Пробуждение было внезапным. Тьма за окном и голубоватый свет от спинки кровати. На ней, на металлической никелированной дуге, сидел, как на верхней жерди вчерашнего забора, Шестикрылый Серафим и смотрел на Золотова холодными многогранниками глаз. Художник попытался отвести взгляд, но не сумел. Серафим развернул стрекозиные крылья: с внутренней стороны каждого - небольшие, подобные клеймам на иконе, картины. Не картины - рамочки оптических визиров, за которыми открывался уменьшенный и потому очень яркий, отчетливый, видный во всех деталях гиперреальный мир (эффект перевернутого бинокля). Там, в прямоугольниках этих окошек, заключается сюжет будущего полотна, представленный под разными углами зрения, с разных высот и удалений, и одно из наибольших открывало стоящее у обреза, перед изображенным Серафимом, перед Пушкиным, - крупно - лицо Ауры, как раз такое, каким Игорь увидел его тогда, в монастыре и какое все не мог припомнить, запечатлеть, - лицо и кусочек раздражающе ярко-красной нейлоновой куртки; а самое последнее, резко, широкоугольно искажающее гиперреальный мир, превращающее покой горизонта в контур напряженного, готового лопнуть пузыря, - кроме Ауры и вырыв, обломок искаженного лица самого Золотова: глаз, вылезающий из орбиты, мокрая от пота, липнущая ко лбу русая прядь.

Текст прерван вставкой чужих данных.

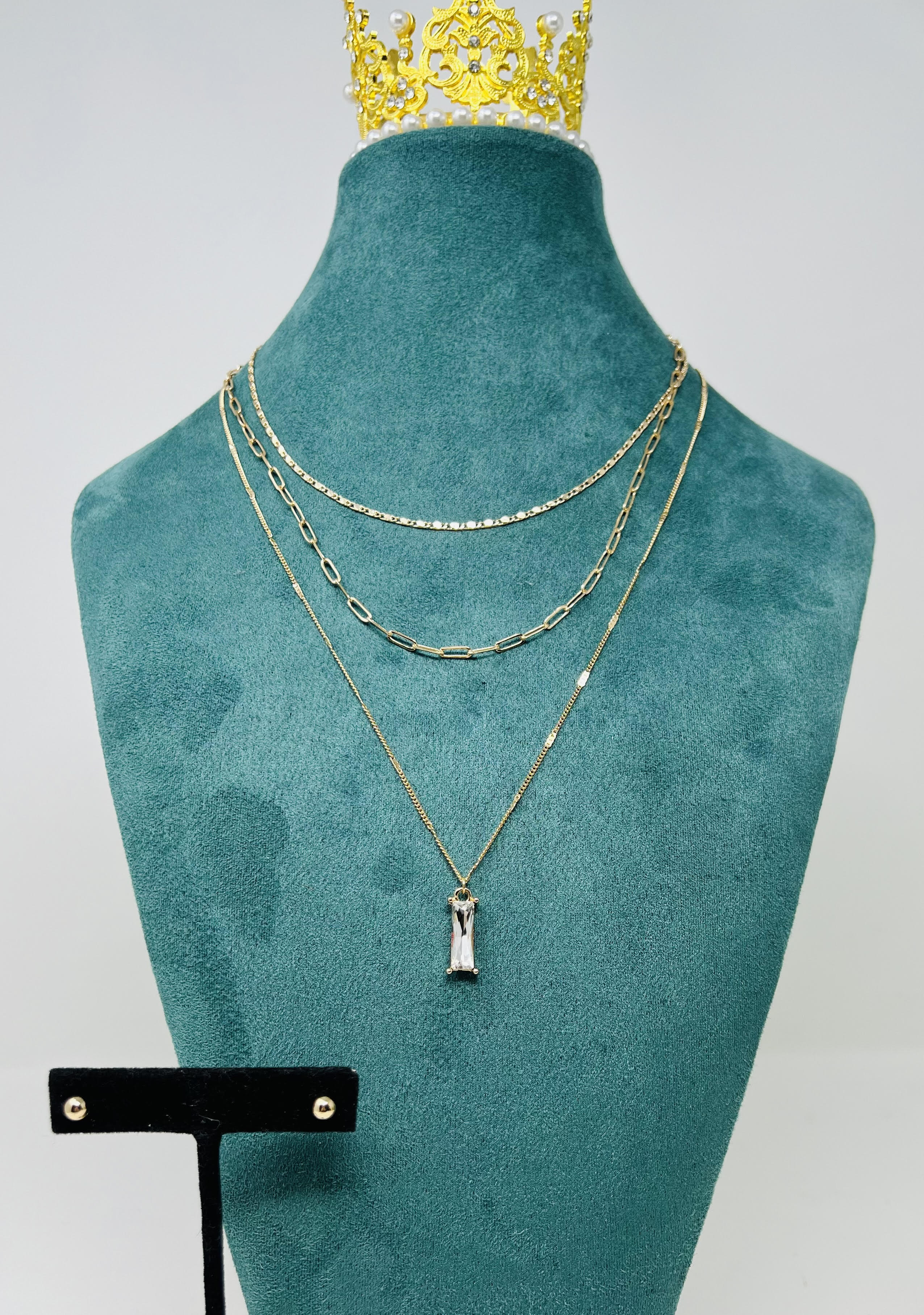 - 16-18" Necklace with Extender & Small Gold Crytal Stud Earrings

Картинки были безумны, странны, страшны, но и прекрасны вместе, и Золотов понял, что не на выбор предлагает ему Серафим какую-либо из шести композиций, да и поди выбери! - но все их сразу, в одно, на одном холсте, что ли, - как те самые клейма на иконах, на житиях святых. Игорь махнул рукою на Серафима: дескать, довольно, понял, помню, спасибо, - и стал осторожно, чтобы не разбудить Ирину, выбираться из постели. Часы показывали начало шестого. Самолет - ровно в шесть, а надо еще очутиться в аэропорту: недалеко, километра три, но такси в такое время в Пскове поймаешь вряд ли.

В темноте, на ощупь на вырванном из блокнота листке Игорь написал жене несколько слов, - что, мол, действительно не любит ее, она догадалась правильно, что есть у него и женщина, к которой он и уходит навсегда, и что если Ирина сможет, - пусть простит его и не ищет. Ему тяжело ее видеть.

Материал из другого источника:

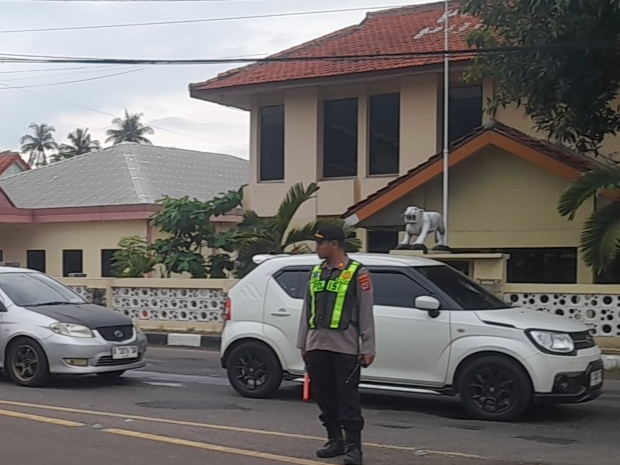 Bantu lancarkan arus lalulintas lantas Polsek Pulomerak lakukan pengaturan lalin

Золотов не заметил впотьмах, что записку писал поверх бывшего в блокноте наброска лица Ауры. Поверх одного из лучших своих рисунков, который несколько лет спустя, в числе прочих, опубликует Ирина в Париже.

194.

Вернувшись в Москву прежде жены, Золотов собрал дома минимум вещей и поехал на Маяковку, к "Пекину". Там, во дворе, в подвале, размещалась мастерская одного приятеля, убывшего на год халтурить. У Золотова имелся ключ.

Из мастерской Игорь выходил только в ближайший магазин за едою и вином, которого пил много, - и работал не то два, не то три месяца - дни смешались. Другой приятель, недоуменно пожав плечами, передал еще не высохший холст на полуофициальную выставку, которая по случаю как раз открывалась в подвальчике на Беговой. Только тогда Золотов набрал номер Ауриных родителей.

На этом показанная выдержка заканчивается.